▶ [EXERCISE] Please reproduce the lines of the records below from the one holding "モニターから患者さんの状態を観察" through the one holding "Na terenie miasta", inclusive, skipping all pictures.

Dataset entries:
^^^^^^^^^^^^^^^^

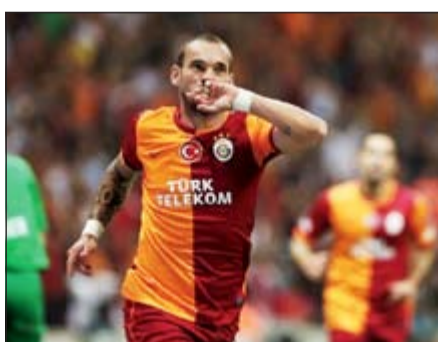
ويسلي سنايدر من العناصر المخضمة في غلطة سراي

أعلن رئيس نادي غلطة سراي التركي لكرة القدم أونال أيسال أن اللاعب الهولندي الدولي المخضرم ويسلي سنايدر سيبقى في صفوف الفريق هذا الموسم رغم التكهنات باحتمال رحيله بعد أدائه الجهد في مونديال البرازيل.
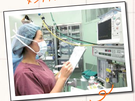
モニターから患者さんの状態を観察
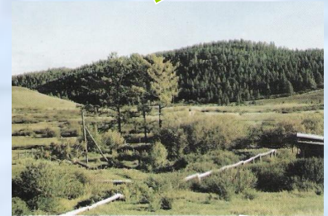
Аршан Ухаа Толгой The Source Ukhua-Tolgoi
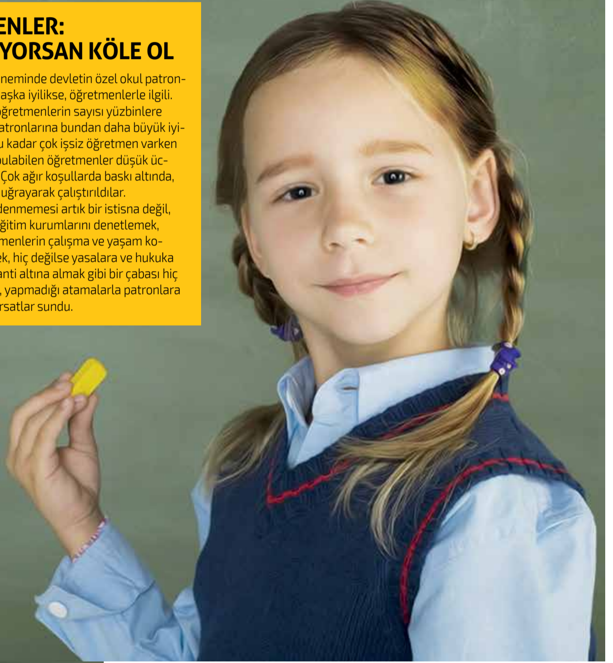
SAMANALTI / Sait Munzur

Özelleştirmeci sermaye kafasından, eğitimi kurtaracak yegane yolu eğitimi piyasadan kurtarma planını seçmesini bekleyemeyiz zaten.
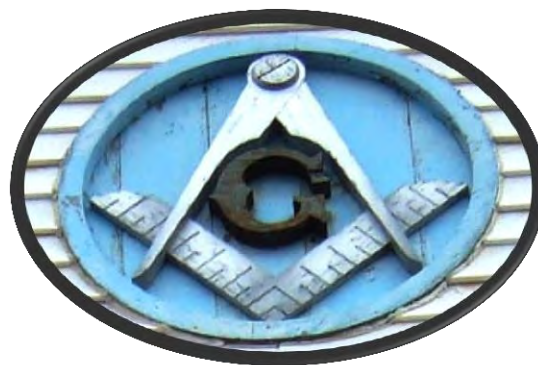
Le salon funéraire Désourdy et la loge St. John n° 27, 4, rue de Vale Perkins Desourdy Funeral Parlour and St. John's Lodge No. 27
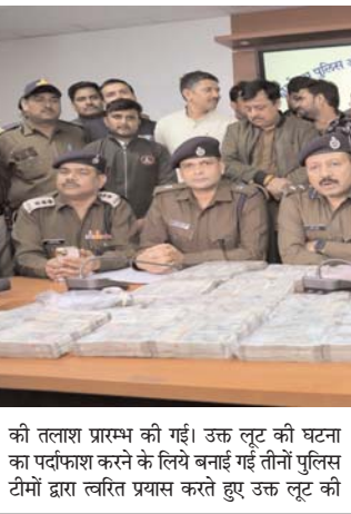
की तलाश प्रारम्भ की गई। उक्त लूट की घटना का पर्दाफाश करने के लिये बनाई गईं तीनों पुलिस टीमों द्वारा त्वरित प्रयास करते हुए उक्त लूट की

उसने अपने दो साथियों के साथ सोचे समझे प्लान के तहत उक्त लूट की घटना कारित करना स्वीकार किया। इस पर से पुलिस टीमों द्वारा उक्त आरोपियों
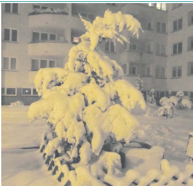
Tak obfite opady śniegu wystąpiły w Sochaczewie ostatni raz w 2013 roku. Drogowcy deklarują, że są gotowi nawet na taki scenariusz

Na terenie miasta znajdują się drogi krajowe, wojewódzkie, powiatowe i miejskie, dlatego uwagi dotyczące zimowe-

^^^^^^^^^^^^^^^^

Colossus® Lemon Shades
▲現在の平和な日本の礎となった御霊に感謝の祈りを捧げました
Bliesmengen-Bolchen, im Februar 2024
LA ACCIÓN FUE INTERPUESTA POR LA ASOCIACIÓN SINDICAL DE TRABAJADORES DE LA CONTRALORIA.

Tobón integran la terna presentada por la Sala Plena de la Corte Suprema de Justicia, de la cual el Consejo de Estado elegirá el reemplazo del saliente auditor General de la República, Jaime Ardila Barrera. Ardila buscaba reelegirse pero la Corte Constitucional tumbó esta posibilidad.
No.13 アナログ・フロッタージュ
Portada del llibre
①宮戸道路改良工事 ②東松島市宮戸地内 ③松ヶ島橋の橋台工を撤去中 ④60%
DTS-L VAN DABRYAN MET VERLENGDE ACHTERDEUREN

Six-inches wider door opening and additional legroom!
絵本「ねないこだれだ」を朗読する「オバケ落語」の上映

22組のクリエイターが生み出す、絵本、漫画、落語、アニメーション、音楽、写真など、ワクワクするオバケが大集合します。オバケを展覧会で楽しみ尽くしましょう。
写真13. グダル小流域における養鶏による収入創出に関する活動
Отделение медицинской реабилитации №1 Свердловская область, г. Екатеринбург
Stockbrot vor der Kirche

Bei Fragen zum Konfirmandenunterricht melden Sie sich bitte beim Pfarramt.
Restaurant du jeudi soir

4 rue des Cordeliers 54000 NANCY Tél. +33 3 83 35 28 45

^^^^^^^^^^^^^^^^

▶ [COMPLETED EXERCISE]
モニターから患者さんの状態を観察
Аршан Ухаа Толгой The Source Ukhua-Tolgoi
SAMANALTI / Sait Munzur

Özelleştirmeci sermaye kafasından, eğitimi kurtaracak yegane yolu eğitimi piyasadan kurtarma planını seçmesini bekleyemeyiz zaten.
Le salon funéraire Désourdy et la loge St. John n° 27, 4, rue de Vale Perkins Desourdy Funeral Parlour and St. John's Lodge No. 27
की तलाश प्रारम्भ की गई। उक्त लूट की घटना का पर्दाफाश करने के लिये बनाई गईं तीनों पुलिस टीमों द्वारा त्वरित प्रयास करते हुए उक्त लूट की

उसने अपने दो साथियों के साथ सोचे समझे प्लान के तहत उक्त लूट की घटना कारित करना स्वीकार किया। इस पर से पुलिस टीमों द्वारा उक्त आरोपियों
Tak obfite opady śniegu wystąpiły w Sochaczewie ostatni raz w 2013 roku. Drogowcy deklarują, że są gotowi nawet na taki scenariusz

Na terenie miasta znajdują się drogi krajowe, wojewódzkie, powiatowe i miejskie, dlatego uwagi dotyczące zimowe-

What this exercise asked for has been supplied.